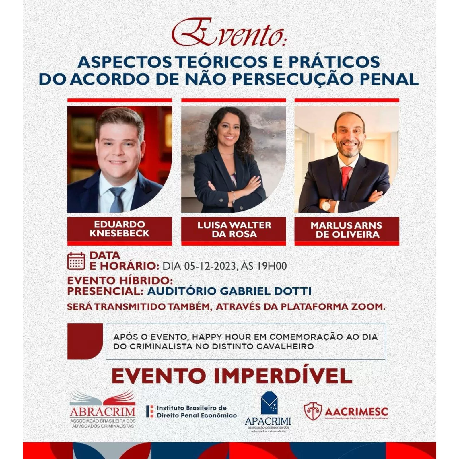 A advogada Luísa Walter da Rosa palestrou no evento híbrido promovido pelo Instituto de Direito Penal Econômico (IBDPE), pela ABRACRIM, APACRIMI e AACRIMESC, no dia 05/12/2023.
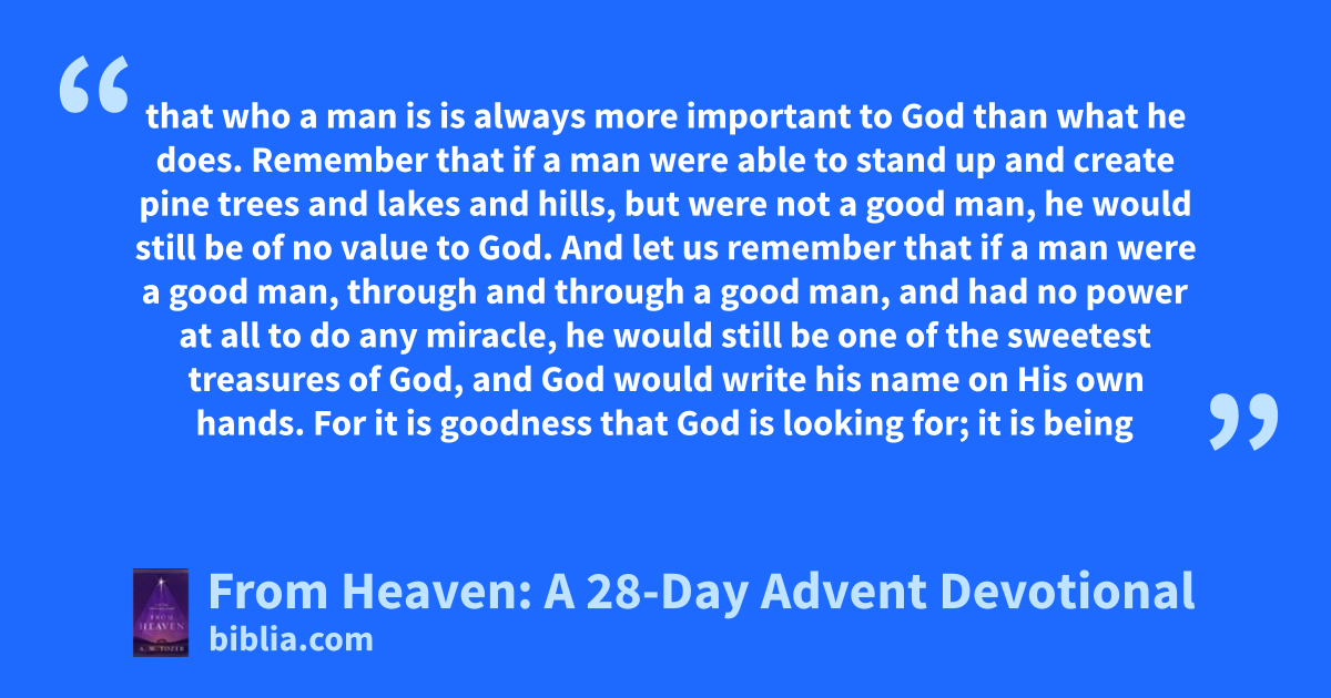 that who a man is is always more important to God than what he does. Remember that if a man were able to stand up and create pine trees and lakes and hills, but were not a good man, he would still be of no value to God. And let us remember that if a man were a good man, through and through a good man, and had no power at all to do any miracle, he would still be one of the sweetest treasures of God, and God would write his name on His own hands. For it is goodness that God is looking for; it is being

==

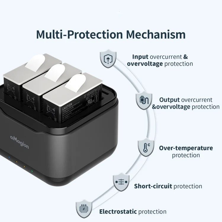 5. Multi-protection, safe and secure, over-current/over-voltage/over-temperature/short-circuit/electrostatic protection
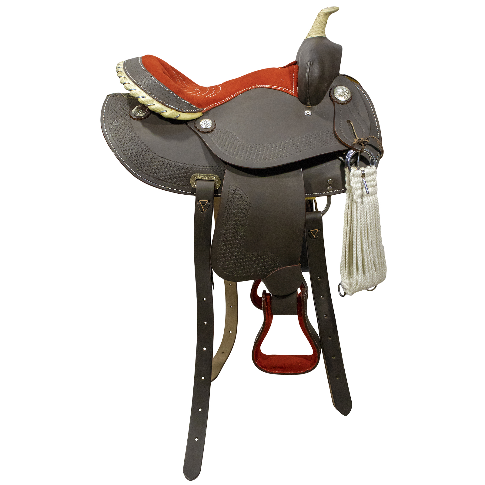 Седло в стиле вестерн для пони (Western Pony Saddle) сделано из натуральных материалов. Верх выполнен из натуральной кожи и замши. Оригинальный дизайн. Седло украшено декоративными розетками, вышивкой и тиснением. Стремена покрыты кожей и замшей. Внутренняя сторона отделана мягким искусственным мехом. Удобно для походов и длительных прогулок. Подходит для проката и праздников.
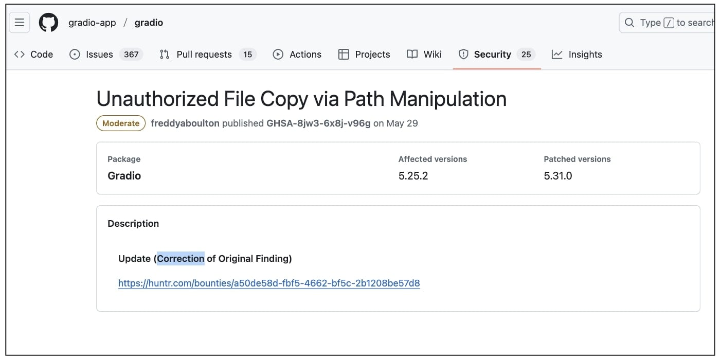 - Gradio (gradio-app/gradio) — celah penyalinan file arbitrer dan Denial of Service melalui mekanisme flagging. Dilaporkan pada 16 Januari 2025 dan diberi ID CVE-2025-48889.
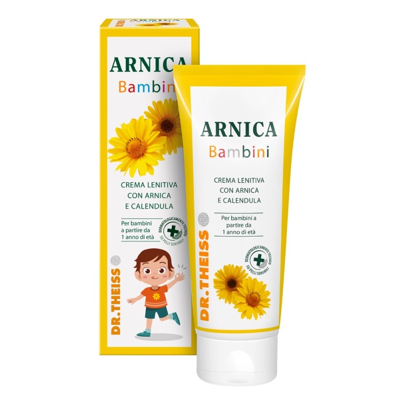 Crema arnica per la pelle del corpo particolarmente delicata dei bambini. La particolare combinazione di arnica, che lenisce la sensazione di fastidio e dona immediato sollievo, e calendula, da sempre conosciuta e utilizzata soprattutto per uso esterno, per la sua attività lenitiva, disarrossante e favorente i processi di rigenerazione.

> **Directions for this task**
Beginning at the line above that contains "Седло в стиле", repeat each line exactly through the one that contains "Crema arnica per", and leave out the pictures.

> **Answer to this exercise**
 Седло в стиле вестерн для пони (Western Pony Saddle) сделано из натуральных материалов. Верх выполнен из натуральной кожи и замши. Оригинальный дизайн. Седло украшено декоративными розетками, вышивкой и тиснением. Стремена покрыты кожей и замшей. Внутренняя сторона отделана мягким искусственным мехом. Удобно для походов и длительных прогулок. Подходит для проката и праздников.
 - Gradio (gradio-app/gradio) — celah penyalinan file arbitrer dan Denial of Service melalui mekanisme flagging. Dilaporkan pada 16 Januari 2025 dan diberi ID CVE-2025-48889.
 Crema arnica per la pelle del corpo particolarmente delicata dei bambini. La particolare combinazione di arnica, che lenisce la sensazione di fastidio e dona immediato sollievo, e calendula, da sempre conosciuta e utilizzata soprattutto per uso esterno, per la sua attività lenitiva, disarrossante e favorente i processi di rigenerazione.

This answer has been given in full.